The Open Rights Group is releasing results on what they found about the tracking habits of political parties. It’s thanks to provisions in the GDPR.

During the Canadian election, privacy was put in the spotlight thanks to a Conservative targeted mailer. The mailer assumed that university law professor, Michael Geist, is Jewish. As a result, he received a mailer from the Conservative party telling him and his family that the party stands with Israel. At the time, he wasn’t sure why the party thought this. Unfortunately, political parties fall under a loophole in privacy laws which exempt them from freedom of information requests. Still, he guessed that big data and data mining could be at play anyway.

While the answers might never be forthcoming, Canadians may long for some of the privacy laws in Europe. This is because the General Data Protection Regulation (GDPR) allows for individuals to request information on what political parties are tracking about them. Taking advantage of the tools afforded under the GDPR, the Open Rights Group (ORG) requested the data political parties are gathering on their constituents. Since technology is likely similar, it offers an interesting look into how political parties gather and use big data to target potential voters with ads and messaging.

After months of researching, the ORG released those results in a post called “Who Do You Think We Are?” From ORG:

Staff and supporters wrote to parties across Great Britain to ask them what personal data they were holding. This gave us a sketch of how data is being used to profile, target and shape voters intentions.

We’re now asking hundreds of people across the UK to send similar data requests, so that we can draw a more detailed portrait.

We want to know what exactly is going on with personal data in politics, and at what scale, and use this knowledge to stop shady data practices that break trust and the law, polarise society and damage democracy.

We’ve created an automated online tool that allows you to easily ask all active UK political parties what data they’re holding on you. With a few simple clicks you can discover what parties think about you and who they’ve decided you are.

Our data requests uncovered some strange and troubling practices. To help you see what your “political data self” might look like, we wanted to share what we’ve learned so far from the three major parties: Conservatives, Labour and Liberal Democrats.

Among the findings is that parties depend on profiling when deciding who gets their messages. Potential voters are generally given scores in different ways to determine likelihood of voting their way. They also determine how likely you are to go out and vote on election day. Some scores even determine how likely you are to switch from supporting one party to another.

From there, parties are also determining stances on issues based on where you live. Additionally, they are determining what your stances are based on who lives near you. ORG suggests that this is not an exact science. Using their own Scotland director, they obtained a table of information on where his stances and vote will likely go. The end result was that the data wound up being incorrect.

Two political parties also use what is known as Mosaic codes. This relies on commercially available data. A lot of this data is derived from social media activity of the targets. All the data gathered is then placed in a table that contains about 500 segments of information. One source used is from Experian.

Political parties say that all this data tracking is in the public interest and necessary to operate in modern politics. ORG points out that all this data tracking requires consent. Unfortunately, consent is not being obtained in all of this. ORG questions whether or not using this data to send polarizing messaging is necessarily healthy for democracy.

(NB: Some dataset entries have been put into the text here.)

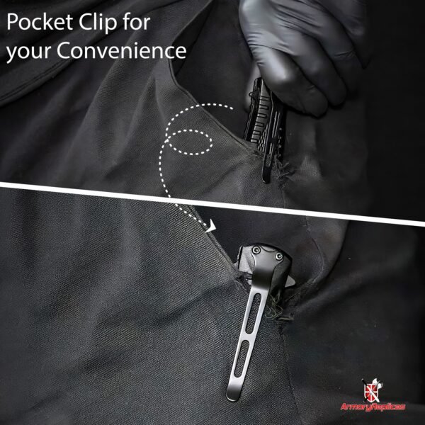 - Engineered steel pocket clip keeps the knife easily accessible at all times.
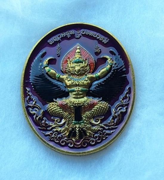 เหรียญพญาครุฑ หลวงปู่ศิลา วัดโพธิ์ศรีสะอาด รุ่นยอดบารมี ลังนำฤกษ์ เนื้อฝาบาตรโบราณ ลงยาทรงเครื่อง ลงยาปีกครุฑ พื้นม่วง No.53 |
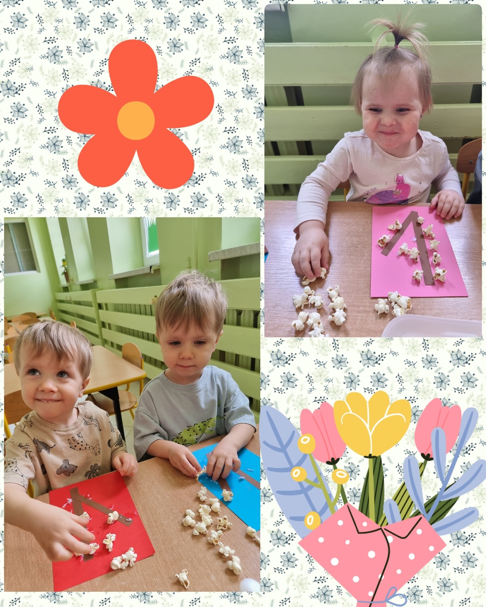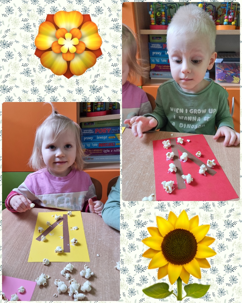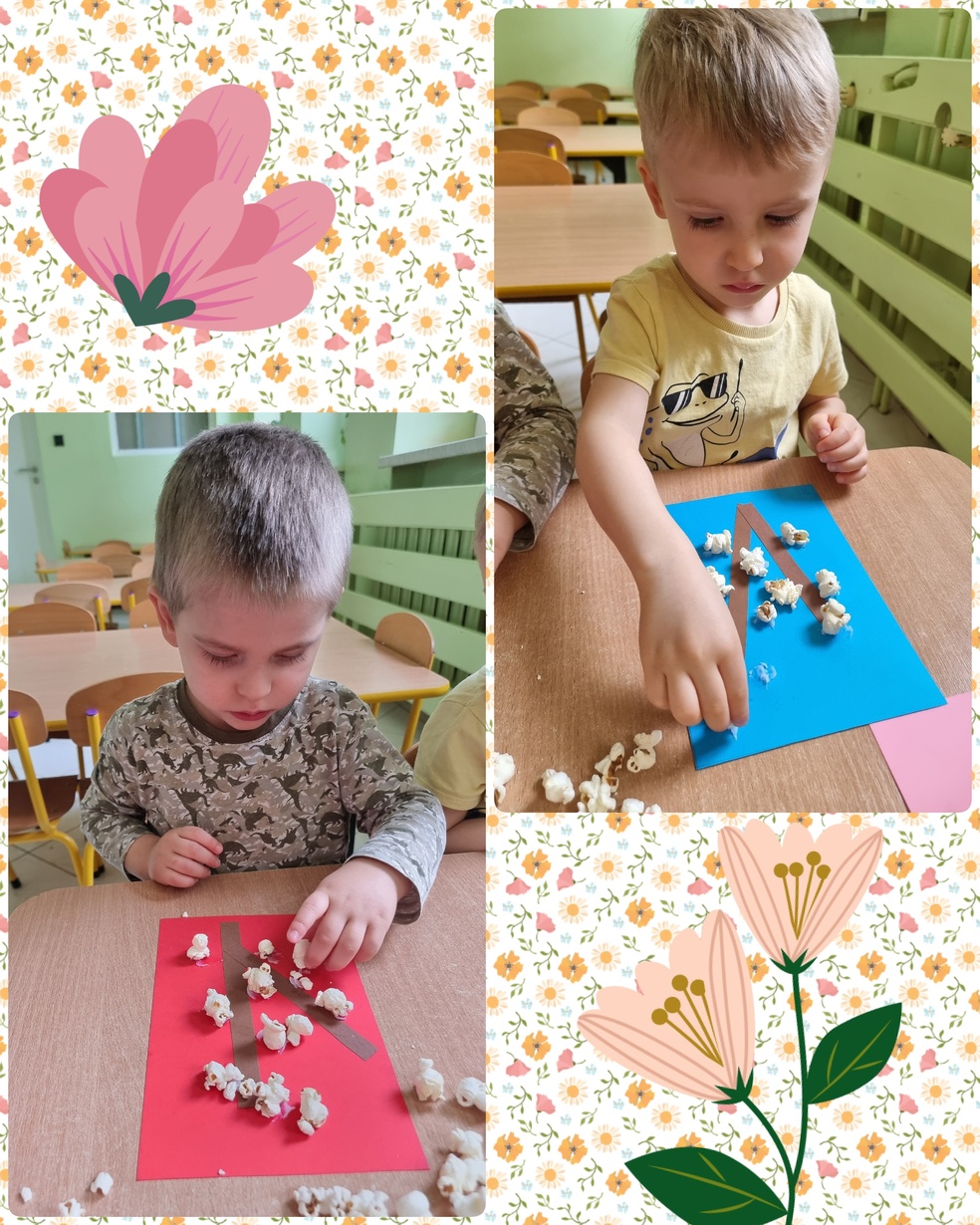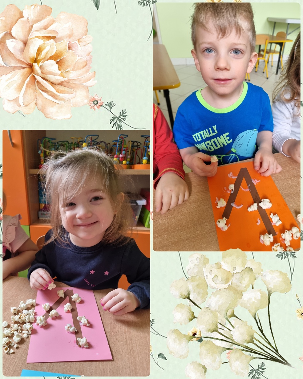 (Na kolorowej kartce papieru przyklejały klejem popcorn ).

In addition, ORG also released a set of tools for UK residents to obtain their political profile. Those tools have been made public for residents to use.

What is interesting in all of this is that this at least offers an idea of what political parties are up to when collecting data on you. Even if you are from a country that isn’t covered by GDPR laws, at the very least, it gives you an idea of what political parties in your country might be collecting on you. After all, a lot of companies are international and they could be used as a source for some of the data collecting.

What’s more is that this could be a great motivating factor for countries to adopt laws that permit potential voters to obtain a copy of the data parties are using to target you for advertising. After all, wouldn’t it be interesting to know what all these analytical companies now know about you from the political perspective?